- [Supplied entries]:
▼▼▼

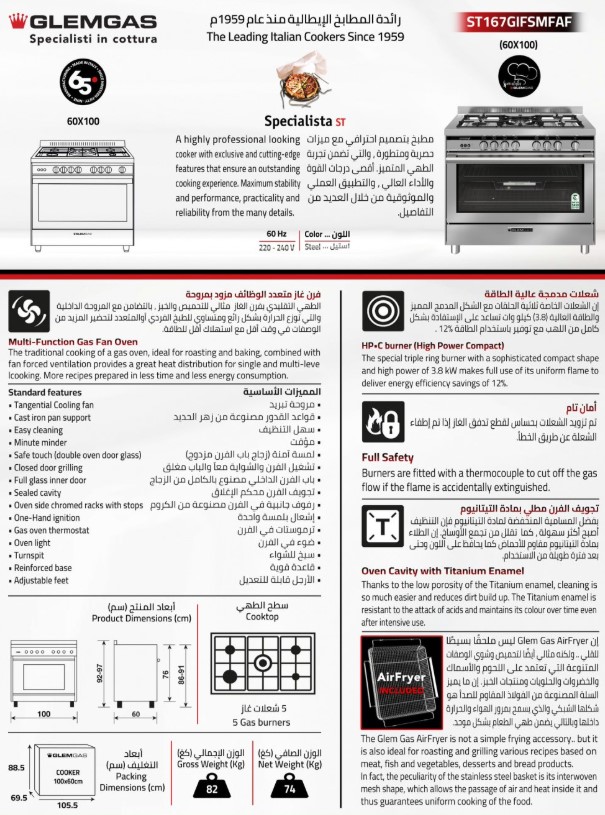 مطبخ جليم غاز 60*100 امان تام متعدد مقلاة هوائية استيل - ST167GIFSMFAF
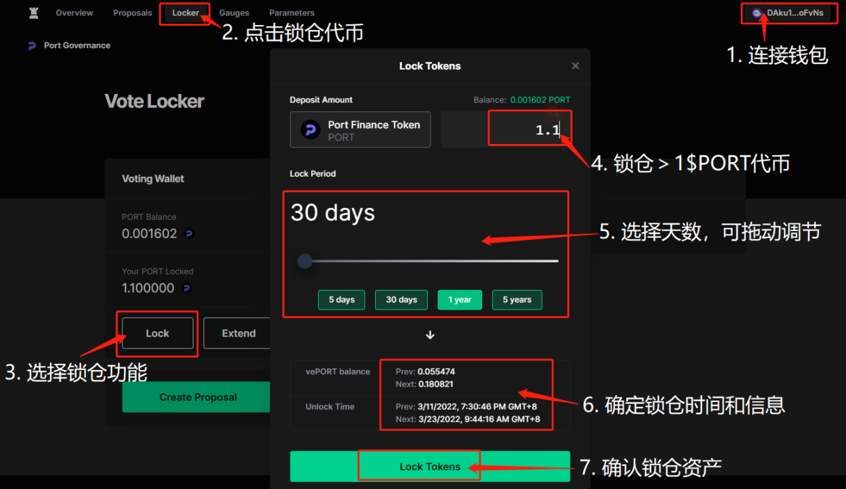 2. 按照任务2的要求,复制粘贴进入 PORT x Tribeca Governance ,并锁仓>1 枚$PORT 代币即可。
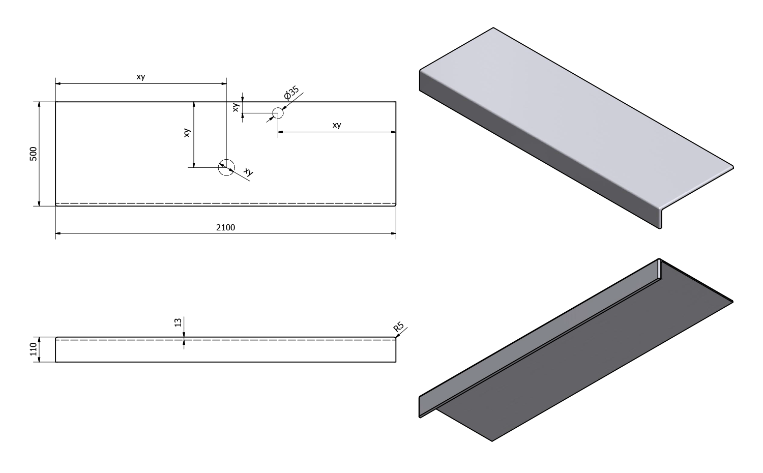 - Možnost dodání s otvory pro baterii a odpad dle výkresu (lze vrtat i v místě instalace)
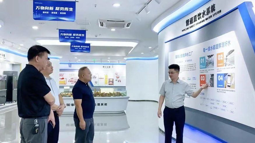 白冰董事長一行認真聽取講解,還就榮事達管道直飲水項目的設備性能、技術(shù)原理等細節(jié)與陪同人員深入交流。榮事達管道直飲水項目是針對社區(qū)、學校、醫(yī)院、企事業(yè)單位及工廠等場景,提供定制化飲水模式,涵蓋社區(qū)智慧水站、校園智慧凈水屋、高端直飲水設備及變頻供回水系統(tǒng),旨在為民眾打造便捷、高端、健康的飲水服務。
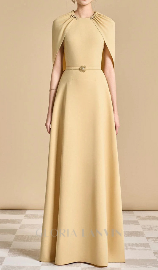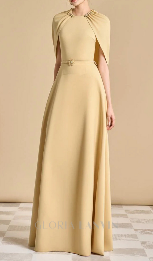 Jasmine A-line Cape Sleeved maxi Dress in yellow beige

▲▲▲

- [Exercise directions]: A verbatim copy of the data, pictures removed, is the expected result.

- [Response]:
 مطبخ جليم غاز 60*100 امان تام متعدد مقلاة هوائية استيل - ST167GIFSMFAF
 2. 按照任务2的要求,复制粘贴进入 PORT x Tribeca Governance ,并锁仓>1 枚$PORT 代币即可。
 - Možnost dodání s otvory pro baterii a odpad dle výkresu (lze vrtat i v místě instalace)
 白冰董事長一行認真聽取講解,還就榮事達管道直飲水項目的設備性能、技術(shù)原理等細節(jié)與陪同人員深入交流。榮事達管道直飲水項目是針對社區(qū)、學校、醫(yī)院、企事業(yè)單位及工廠等場景,提供定制化飲水模式,涵蓋社區(qū)智慧水站、校園智慧凈水屋、高端直飲水設備及變頻供回水系統(tǒng),旨在為民眾打造便捷、高端、健康的飲水服務。
 Jasmine A-line Cape Sleeved maxi Dress in yellow beige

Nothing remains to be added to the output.